EXERCISE GOAL:
Restate word for word the entries below, starting at the line with "Eucinetus morio, Family: Plate-thigh" and ending at the line with "A nest made for Doves". Keep both end lines and omit the pictures.

Top of THE RECORDS

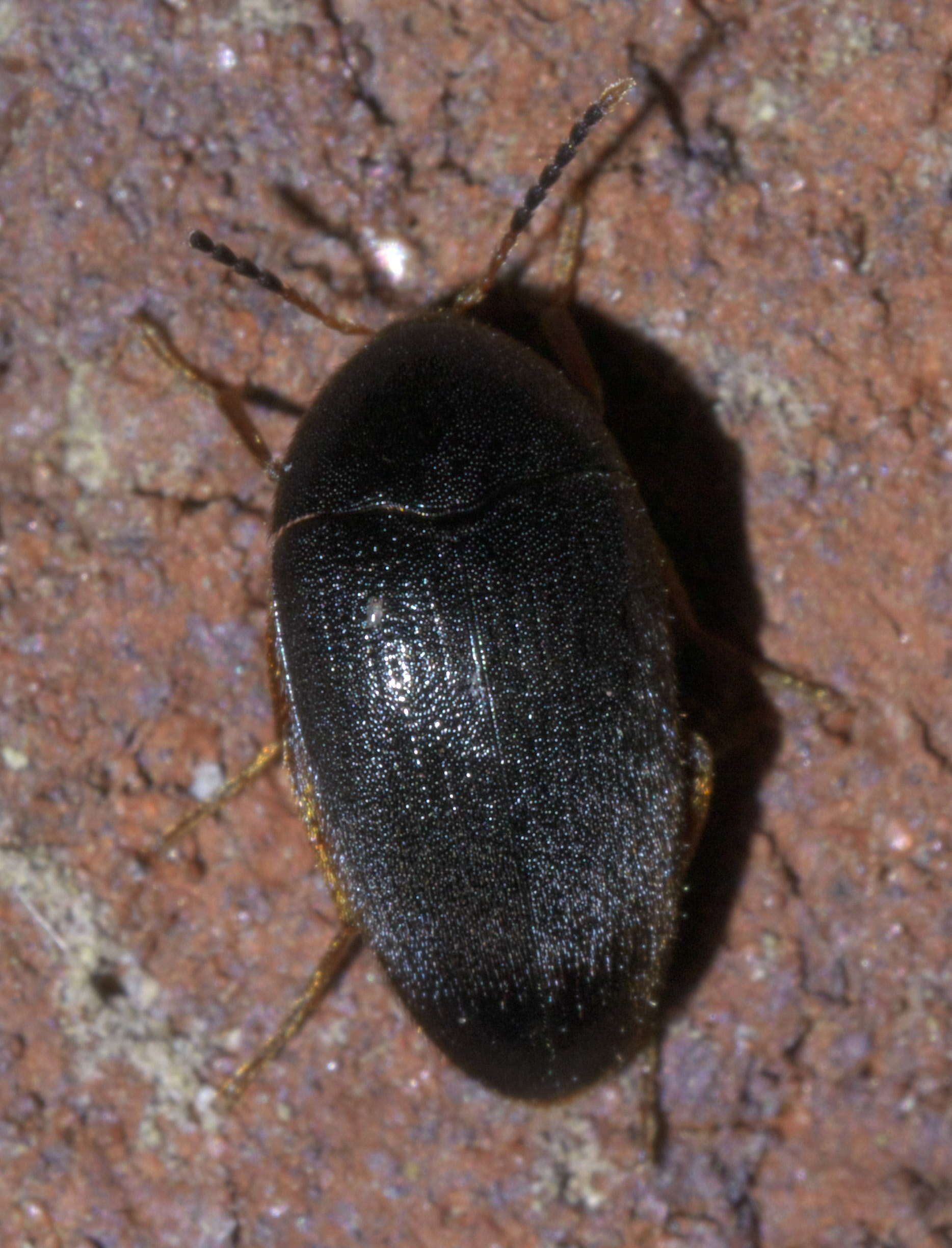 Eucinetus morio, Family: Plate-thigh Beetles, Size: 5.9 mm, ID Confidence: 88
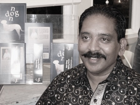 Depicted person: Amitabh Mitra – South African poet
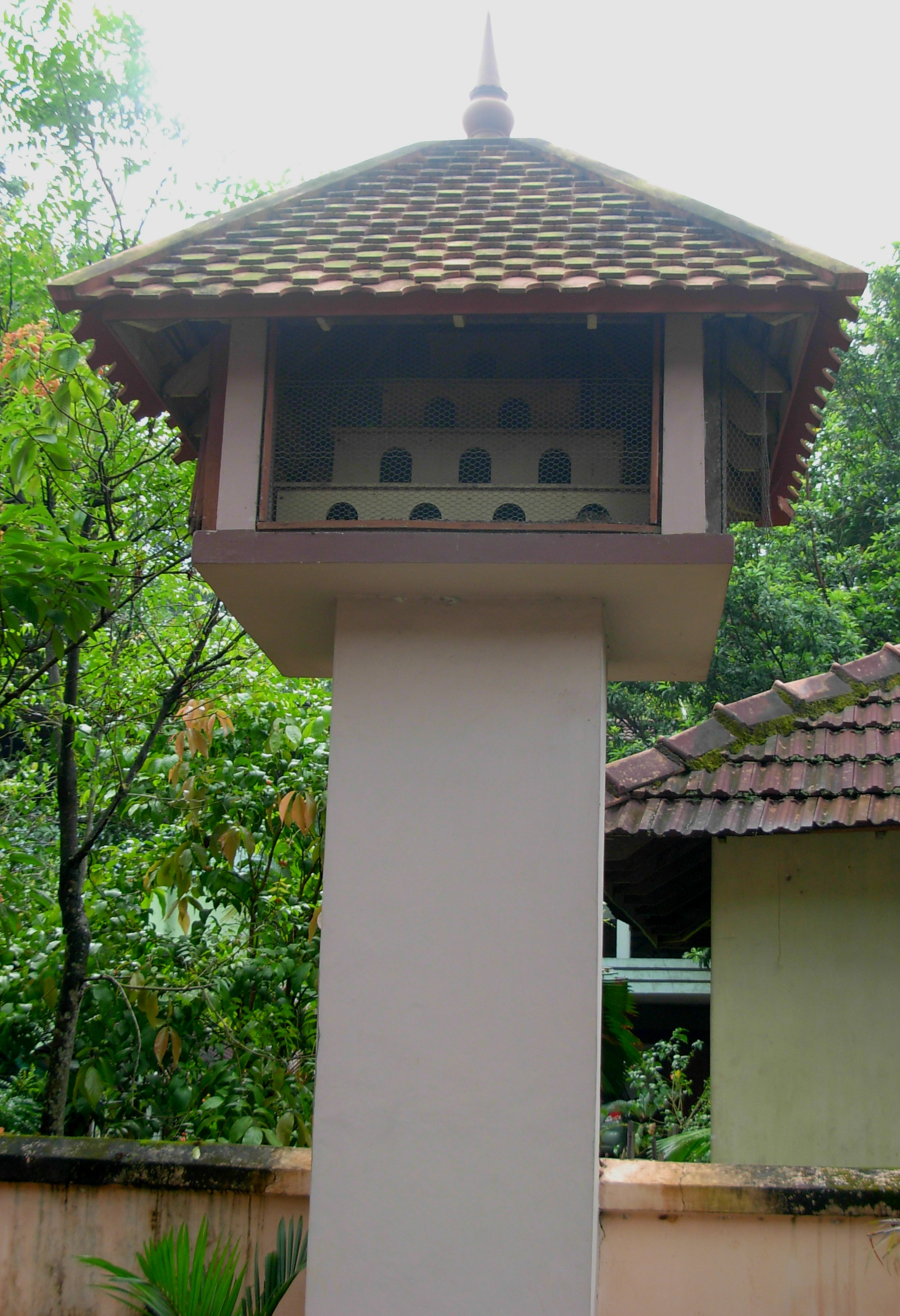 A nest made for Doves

Bottom of THE RECORDS
Top of THE RECORDS

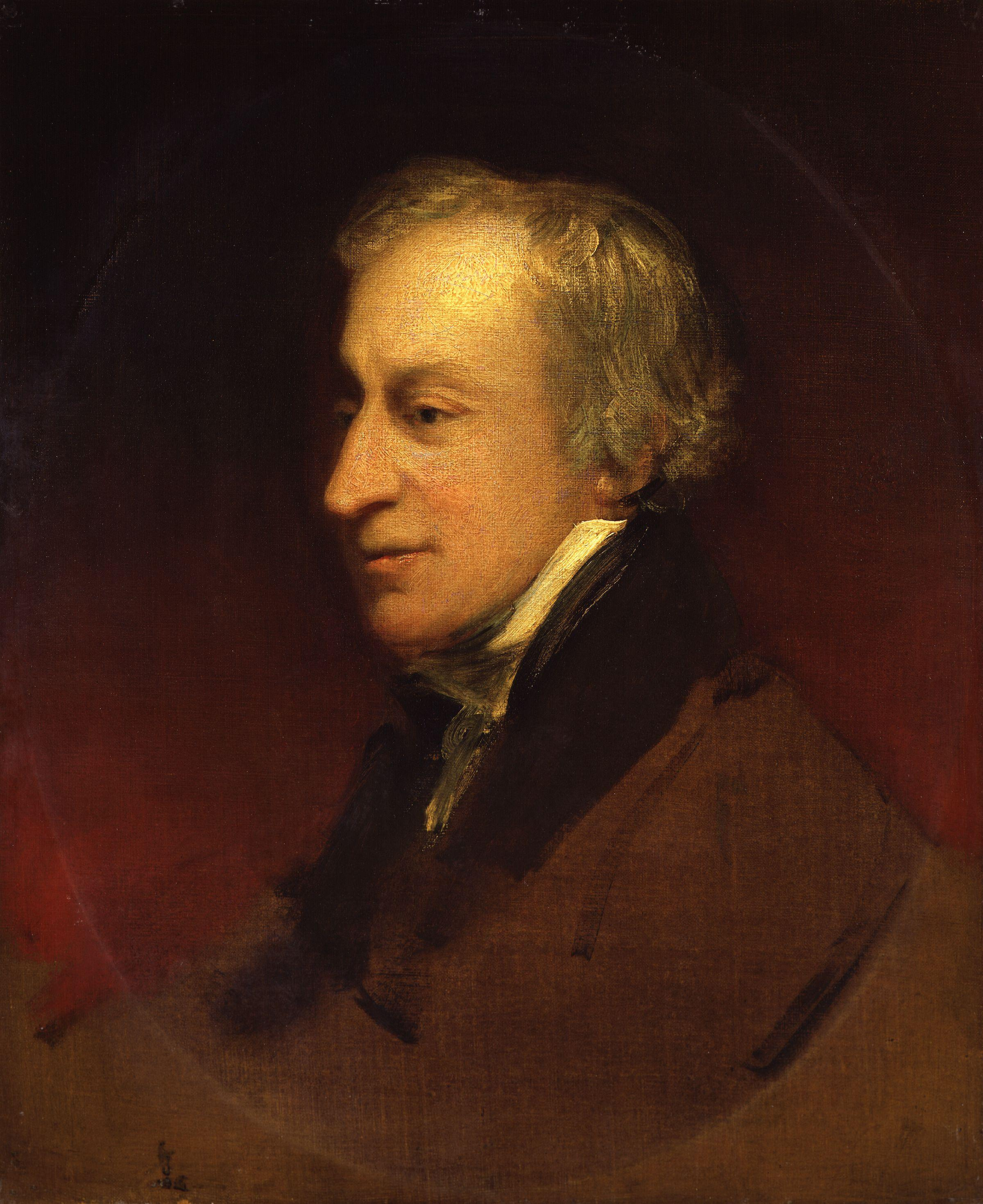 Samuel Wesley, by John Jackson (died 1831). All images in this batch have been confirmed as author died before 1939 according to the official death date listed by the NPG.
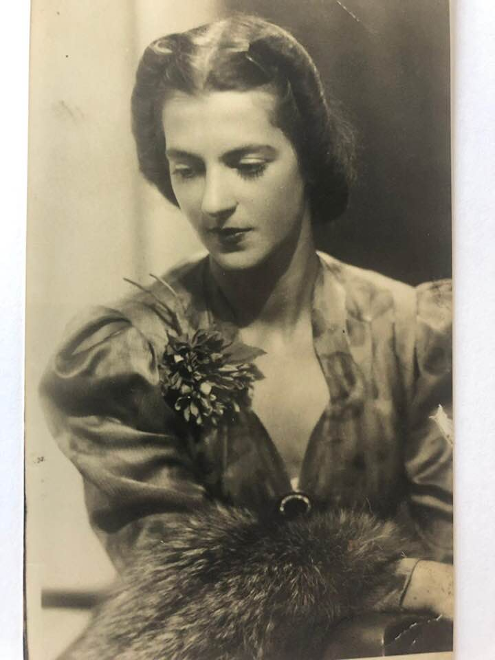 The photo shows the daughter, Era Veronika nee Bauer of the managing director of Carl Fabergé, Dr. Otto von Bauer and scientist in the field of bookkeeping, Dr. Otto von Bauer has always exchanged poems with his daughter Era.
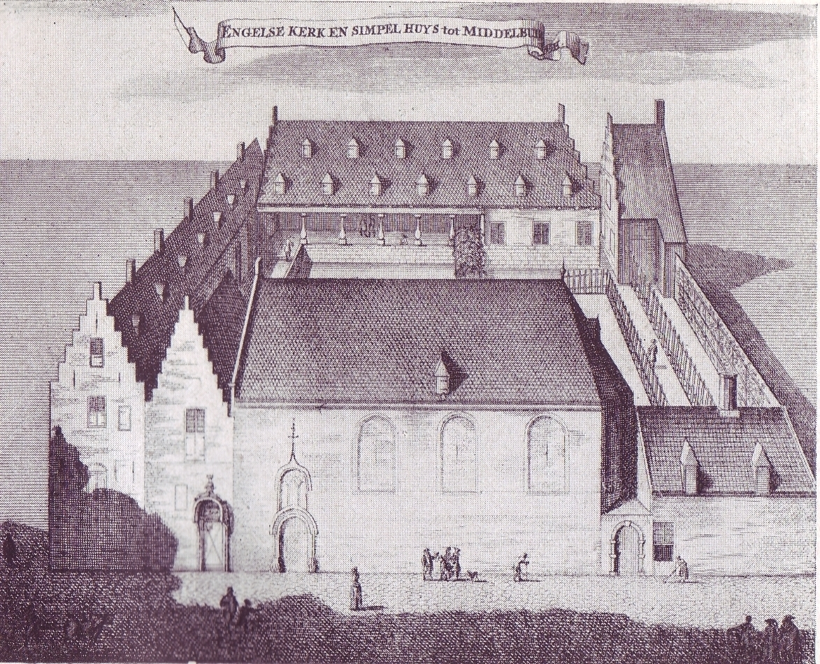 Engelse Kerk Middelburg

Bottom of THE RECORDS

TASK RESULT:
 Eucinetus morio, Family: Plate-thigh Beetles, Size: 5.9 mm, ID Confidence: 88
 Depicted person: Amitabh Mitra – South African poet
 A nest made for Doves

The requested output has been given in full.